Lets step back a bit and discuss the bigger picture of how the client and the server communicate. You may have touched this subject in a previous Networking class, and possibly in considerably more detail. We will focus on the basics. What we want to consider is that there is a back-and-forth conversation between the client and the server, and there are specifically agreed upon terms to this conversation.
GET / HTTP/1.1
Host: courses.cs.usna.edu
User-Agent: Mozilla/5.0 (X11; Linux x86_64) AppleWebKit/537.36 (KHTML, like Gecko) Chrome/62.0.3202.75 Safari/537.36
Accept: */*
Note: there is an empty line after the Accept: */* line which ends the HTTP header and the request.
HTTP/1.1 200 OK
Date: Fri, 30 Aug 2019 00:02:03 GMT
Server: Apache/2.4.29 (Ubuntu)
Vary: Accept-Encoding
Content-Length: 2967
Content-Type: text/html; charset=UTF-8
<!DOCTYPE html>
...
It is important that you notice the extra newlines that were sent by both the client and the server, these are used to inform the receiver that the sender has completed transmitting header/metadata and will now send content.
You can test this by bringing up a terminal and running netcat. The line below shows how to start the netcat session by connecting to port 80, the default port for HTTP requests, after which you can add the HTTP request (as seen above) and hitting enter a few times to send the request.
nc courses.cs.usna.edu 80
Sometimes it is better to pipe the HTTP request to the netcat connection as below:
printf "\
GET / HTTP/1.1\r\n\
Host: courses.cs.usna.edu\r\n\
\r\n\
" | nc courses.cs.usna.edu 80
It will actually be easier to test using the curl command, as it will add the appropriate headers for you (instead of typing them in manually like we did with nc). More importantly, curl highlights the back-and-forth communications between the client and the server as they negotiate the terms of the request.

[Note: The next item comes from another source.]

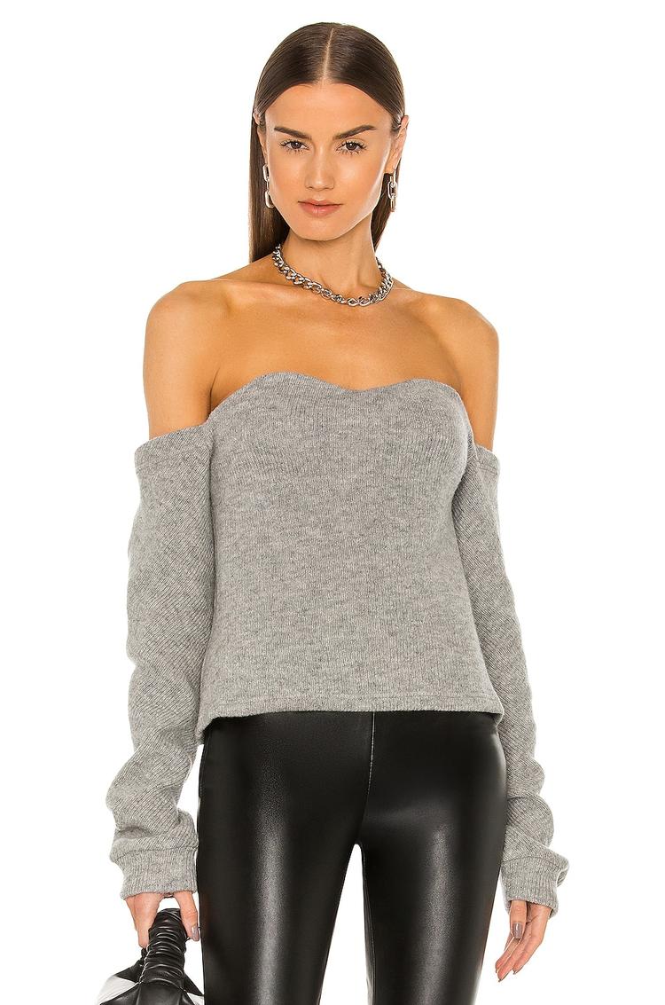 Soft knit fabric and a fitted silhouette define this bandeau top with a flattering sweetheart neckline and long, exaggerated off-shoulder sleeves. The hip-length hem and open back with hook and eye closure add subtle allure, making it a versatile choice for casual outings, date nights, and evenings out. Crafted from a comfortable cotton blend, this modern and chic top pairs perfectly with leather pants or skirts for an elevated, sexy look across autumn, winter, and spring seasons.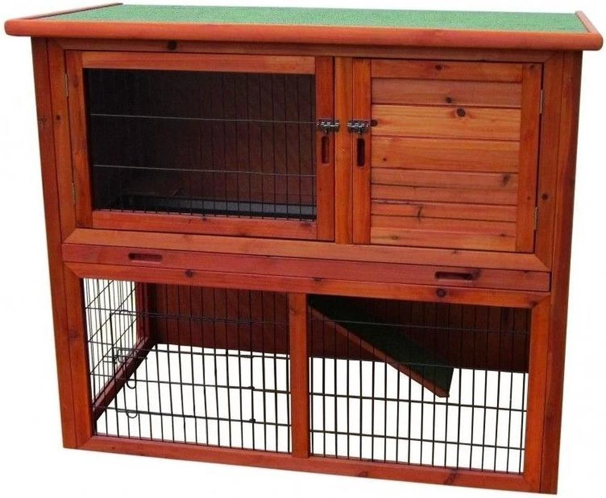 2 verdiepingenTrapjeSchuifslotenNachthok aanwezigSchuifladeAfmeting: 104x52x97CM Het Woodland konijnenhok Redmond Classic van Duvo+ is een zeer stevig en degelijk konijnenhok met 2 verdiepingen. Op de bovenverdieping bevindt zich een open ruimte en een nachthok, en op de benedenverdieping bevindt zich een zeer ruime ren waarin uw konijn naar hartelust kan rondhuppelen.

curl -v courses.cs.usna.edu 2> courses.headers 1> courses.html
The odd redirection you are seeing above in the command line, allows us to send stdout (the html) to the file courses.html, and the stderr (the headers) to a separate file. curl specifically does this to ensure that you only work with the content if you were to perform regular redirection of the stdout. Additionally, it will help you with testing and help in keeping the content separate from the meta-data and headers. Below is an example of the headers, and as you can see the flow of information is annotated by the arrows > and <.

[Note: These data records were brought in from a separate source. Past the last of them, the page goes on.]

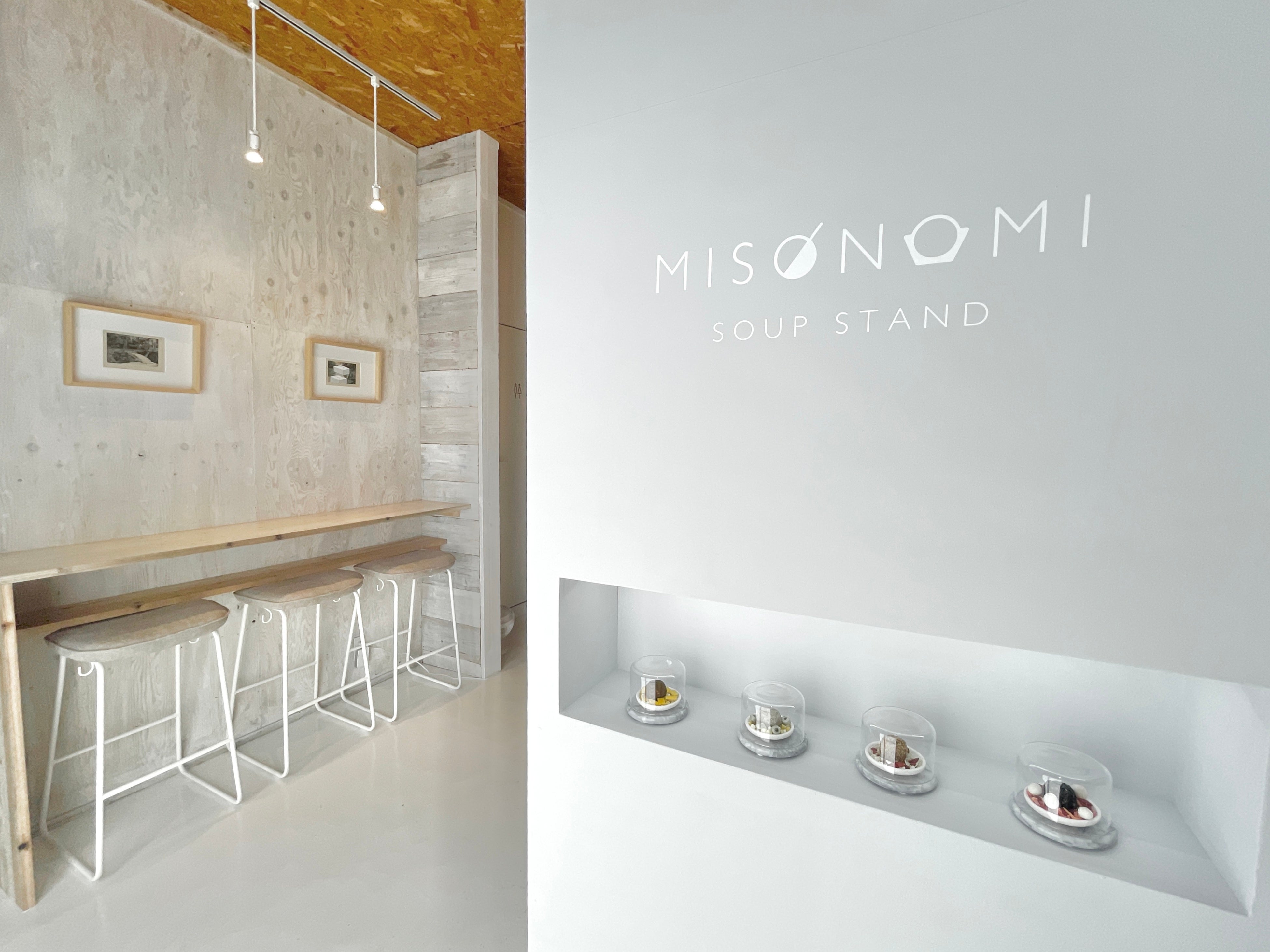 かつてはギャラリー空間だった店内では、さわひらき、岩井優、坂野充学などの現代アーティストによる作品展示と合わせてミソノミが展示されており、「アート」と「食」がボーダレスで楽しめ空間となっています。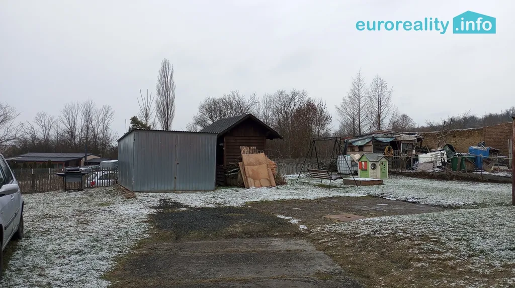 K bytu náleží zahrada s plechovou garáží a dřevěnou kůlnou.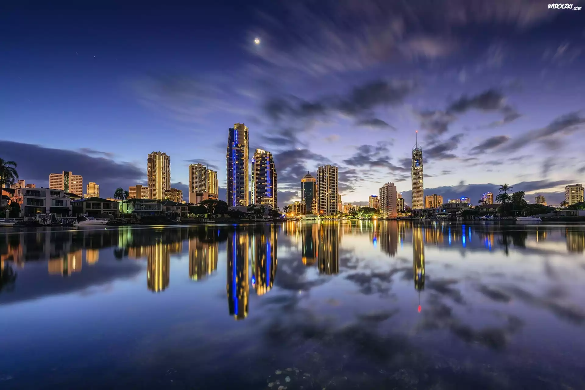 Drapacze Chmur, Niebo, Rzeka, Miasto noca

* Rebuilt URL to: courses.cs.usna.edu/
% Total % Received % Xferd Average Speed Time Time Time Current
Dload Upload Total Spent Left Speed
0 0 0 0 0 0 0 0 --:--:-- --:--:-- --:--:-- 0* Trying 10.1.83.55...
* TCP_NODELAY set
* Connected to courses.cs.usna.edu (10.1.83.55) port 80 (#0)
> GET / HTTP/1.1
> Host: courses.cs.usna.edu
> User-Agent: curl/7.58.0
> Accept: */*
>
< HTTP/1.1 200 OK
< Date: Fri, 30 Aug 2019 00:02:03 GMT
< Server: Apache/2.4.29 (Ubuntu)
< Vary: Accept-Encoding
< Content-Length: 2967
< Content-Type: text/html; charset=UTF-8
<
{ [1015 bytes data]
100 2967 100 2967 0 0 21345 0 --:--:-- --:--:-- --:--:-- 21345
* Connection #0 to host courses.cs.usna.edu left intact
We are using courses.cs.usna.edu as the example as the site is not encrypted by default. Many sites will attempt to quickly redirect the user to their encrypted site, and for the purposes of our discussion the insecure communication is interesting.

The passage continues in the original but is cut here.